EXTRACTED MATERIAL START

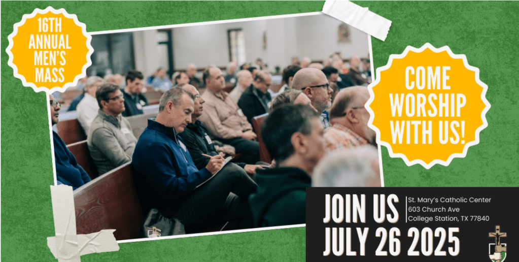 The Central Texas Fellowship of Catholic Men (CTFCM) Men’s Mass is coming up on July 26, 2025 at St. Mary’s Catholic Center in College Station.
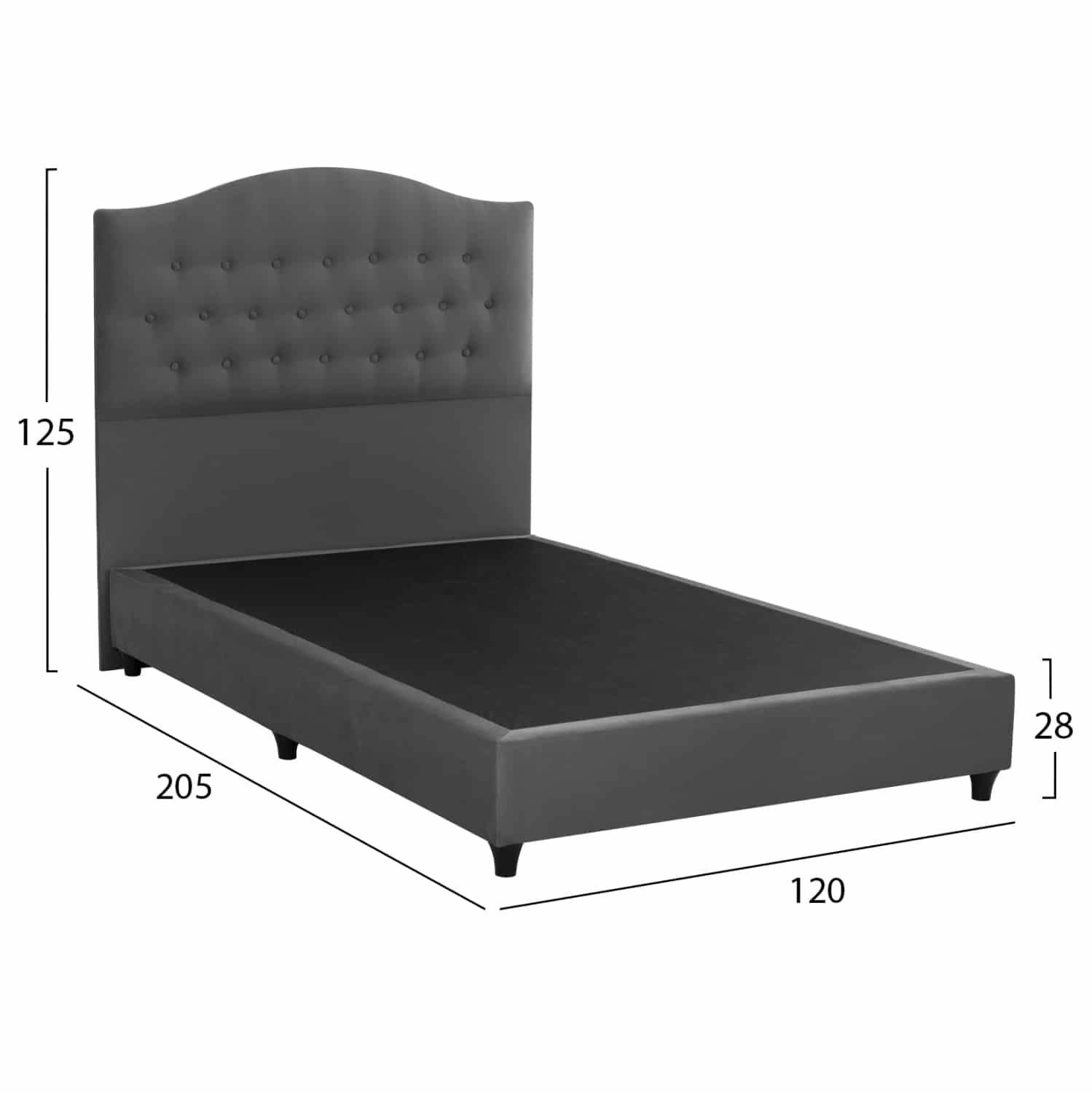 Κρεβάτι ημίδιπλο με επένδυση ΓΚΡΙ βελούδο—
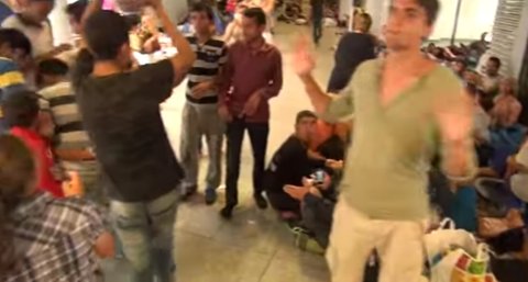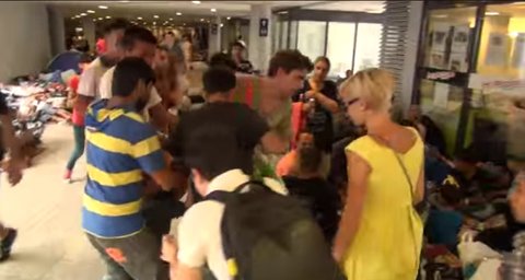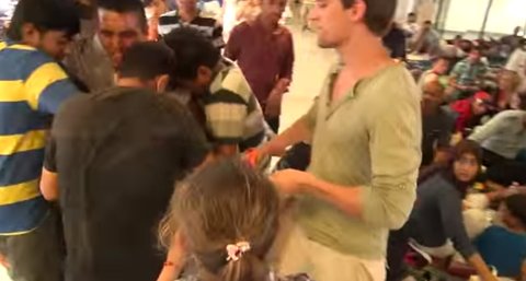 난민 여성에게 무언가를 나눔하고 있다가 난민 남성들에게 둘러싸여 강제 가방스틸을 당하고 있는 어느 한 외국 봉사자의 모습..
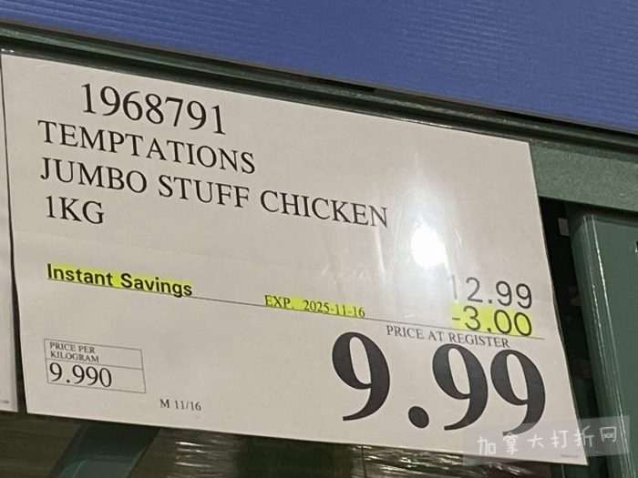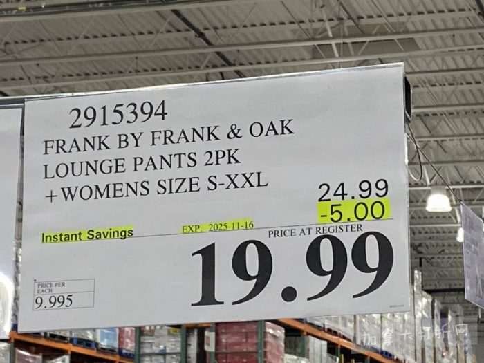 本组图于11月10日在温哥华Richmond店内拍摄,除常规减价促销外,价格以.97及.00结尾为清仓价。拍摄的折扣适用于加西及中部省份的Costco店。
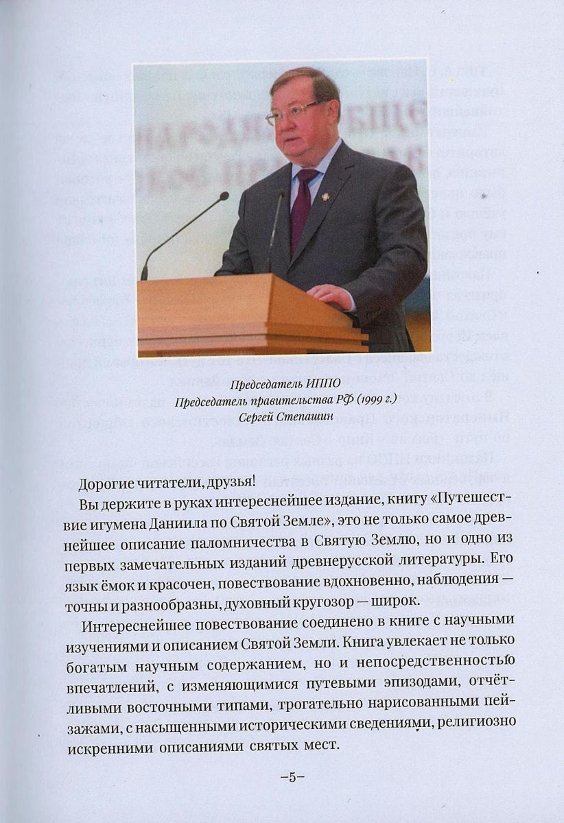 В своей вступительной статье Сергей Вадимович отмечает, что книга «Путешествие игумена Даниила по Святой Земле» — памятник древнерусской литературы, соединяет в себе научные изучения и красочные, религиозно искренние описания святых мест, также Сергей Степашин подчеркнул, что путь, пройденный игуменом Даниилом, косвенно связан с проведенным историческим событием Императорского Православного Палестинского Общества, открытия паломнического пути Россия-Кипр-Святая Земля в 2019 году.

EXTRACTED MATERIAL END

» **EXERCISE OBJECTIVE**
Leave every picture out and write out exactly the lines from the line with "本组图于11月10日在温哥华" through the last line of the material.

» **RESULT**
 本组图于11月10日在温哥华Richmond店内拍摄,除常规减价促销外,价格以.97及.00结尾为清仓价。拍摄的折扣适用于加西及中部省份的Costco店。
 В своей вступительной статье Сергей Вадимович отмечает, что книга «Путешествие игумена Даниила по Святой Земле» — памятник древнерусской литературы, соединяет в себе научные изучения и красочные, религиозно искренние описания святых мест, также Сергей Степашин подчеркнул, что путь, пройденный игуменом Даниилом, косвенно связан с проведенным историческим событием Императорского Православного Палестинского Общества, открытия паломнического пути Россия-Кипр-Святая Земля в 2019 году.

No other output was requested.